• During World War I, opera singer Ernestine Schumann-Heink was requested to sing “The Star-Spangled Banner” for the American troops. Because she was so eager to help, she agreed, although she did not know the words. (She sang the tune, rather than the words, of the song.) Later, she read this comment in a newspaper article: “The voice of Schumann-Heink is a great inspiration when she sings ‘The Star-Spangled Banner,’ but we would be very obliged if she would tell us in what language she sings it.” (Quickly thereafter, she learned the words.)
• Very early in his career, Russian bass Feodor Chaliapine got work in the chorus of the French Light Opera Company. Very few of the members of the company were French, and the others did not know French. Fortunately, the members of the Russian audience also did not know French, thus allowing the singers to sing all the foreign words they knew at random — for example, “Colorado, Niagara, Mississippi, Charpentier, and Eau-de-vie ….”
• Because of a lack of knowledge of English, Italian soprano Renata Tebaldi misunderstood what would happen when she agreed to sing Tosca in New York as a benefit for the Milk Fund.
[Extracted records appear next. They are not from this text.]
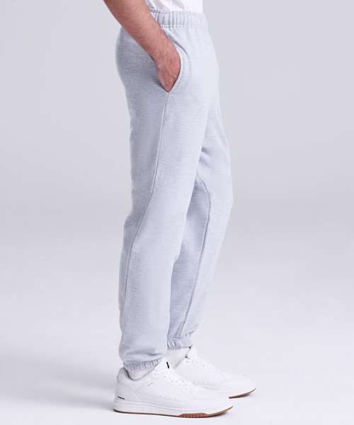Cuffed leg opening. Elasticated waist with inner drawcord. Side pockets. Soft cotton faced fabric creates ideal printing surface. Simple tear out label makes it perfect for rebranding. Brushed inner fleece.
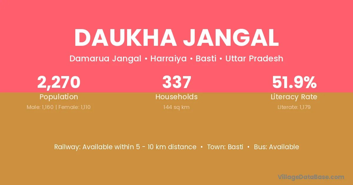 Daukha Jangal village has a total population of 2,270 people, of which 1,160 are males and 1,110 are females.
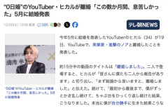 1 : 今年5月に結婚を発表したYouTuberのヒカル(34)が19日、YouTubeで、実業家・進撃のノアと離婚したことを発表した。 ノアも「ヒカルくんはYouTuberとしてはめっちゃすごいし誰よりも尊敬しているけど、旦那としてはマジで向いてないな。ほんまに最下層。経験者として言わせてもらったら、次、ヒカル君に結婚しようとか付き合おうといわれた女の人は、ほんまにちゃんと考えた方がいい。思っている以上に、やばい。マジ、赤ちゃんかなぐらいやばい」とコメント。 3 : 赤ちゃんは可愛いけどね 4 : 可愛いやん…
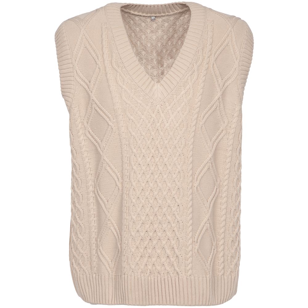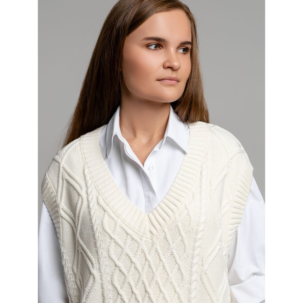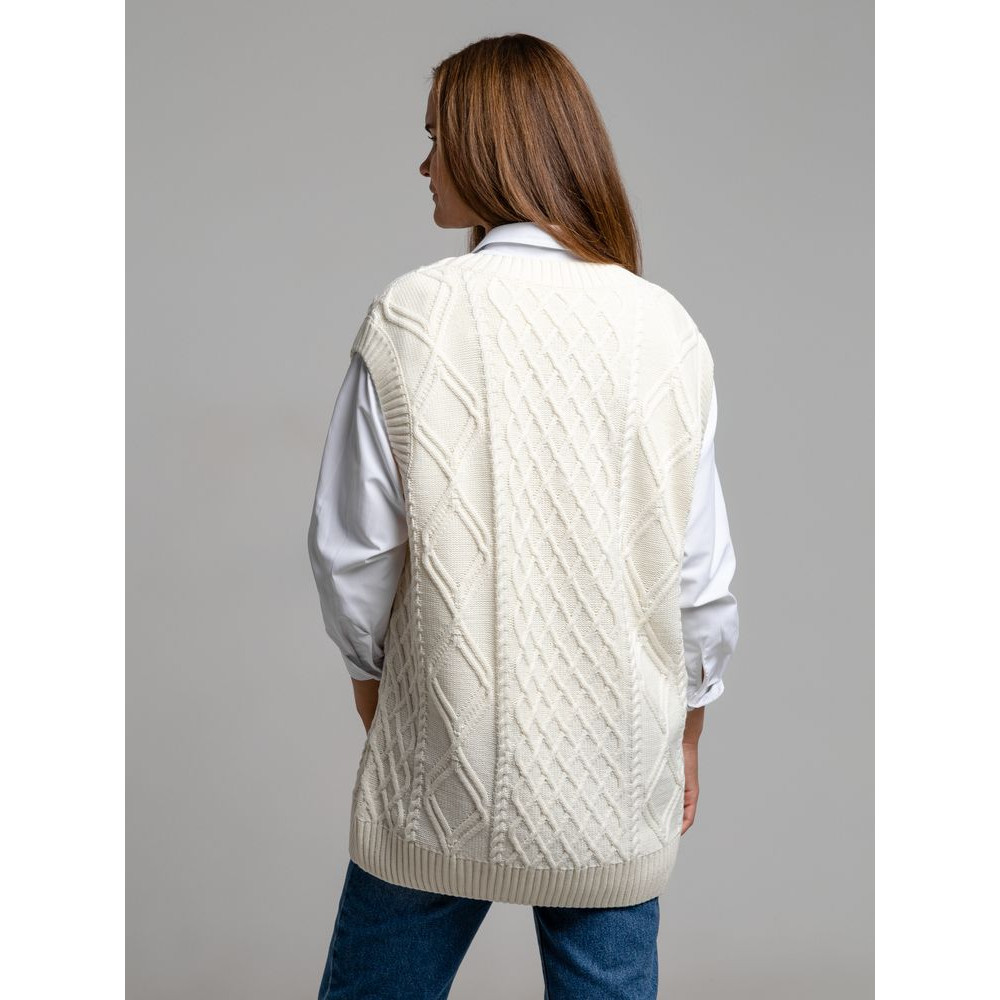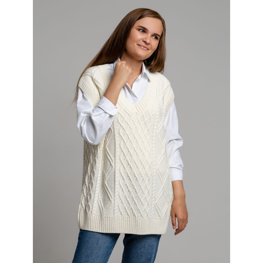 Модель: однотонный жилет крупной вязки с узорами в виде кос. Силуэт оверсайз, спущенное плечо.

Speaking to a reporter, she expressed her opinion that “babies” would enjoy hearing this very emotional opera, and she was surprised to learn that the “babies” would not be attending the benefit.
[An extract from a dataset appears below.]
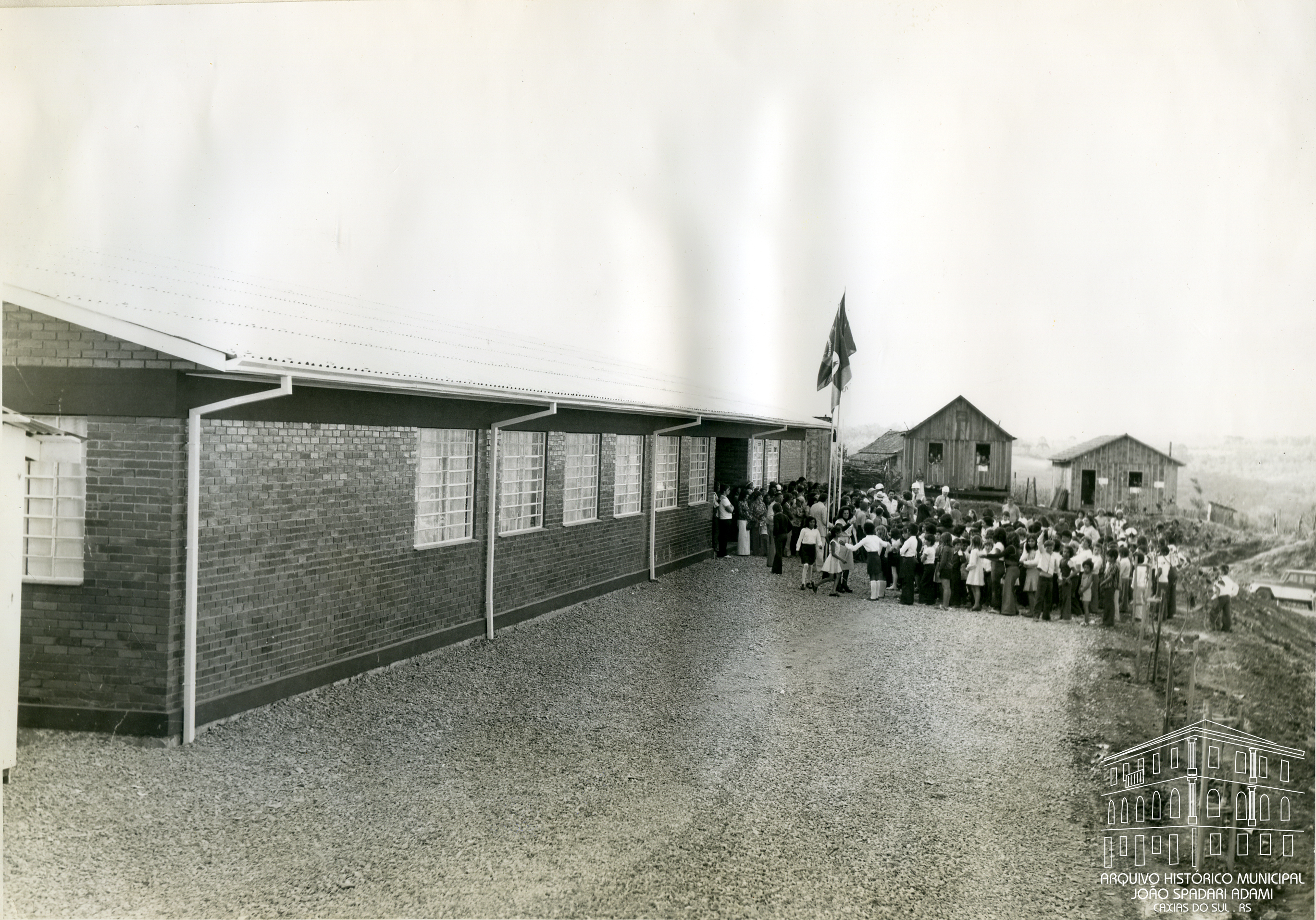 Autoridades e comunidade em frente ao prédio do Grupo Escolar Angelina Sassi Comandulli, situado no bairro Santa Fé, em 22 de outubro de 1976, data da inauguração.

• French-born soprano Lily Pons learned her first American slang from comedian Jack Oakie — “Scram!” According to Mr. Oakie, Ms. Pons was the Metropolitan Opera’s “Top Line Canary.”
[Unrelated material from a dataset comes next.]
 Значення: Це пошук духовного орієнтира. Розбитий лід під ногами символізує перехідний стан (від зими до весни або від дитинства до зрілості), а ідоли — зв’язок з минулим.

• Chicago Symphony Orchestra flutist Donald Peck was mightily unimpressed by opera singer Maria Callas. Once, the CSO was supposed to record with her. A rehearsal was scheduled, but Ms. Callas did not show up. The CSO waited for her because they were being paid for the time of the rehearsal, and when the rehearsal time was over they stood up to leave. At that exact time, Ms. Callas walked into the rehearsal space. Her agent made sure that the press knew that the CSO had risen out of respect to Ms. Callas, but Mr. Peck writes, “What a manipulation of the truth!”
• Today, many people are amused by sensational stories in the tabloids; however, sensational stories are nothing new in American journalism. Once, several Philadelphia newspapers reported that soprano Adelina Patti had been devoured by mice. Here’s what had really happened: In the early 1880s, hotels were not as sanitary as they are now. Ms. Patti, a tremendously wealthy woman, had rented an expensive apartment in a Philadelphia hotel. When her maid turned down the bedcovers, six mice jumped out. Later that night, a mouse bit the celebrated opera singer’s left ear.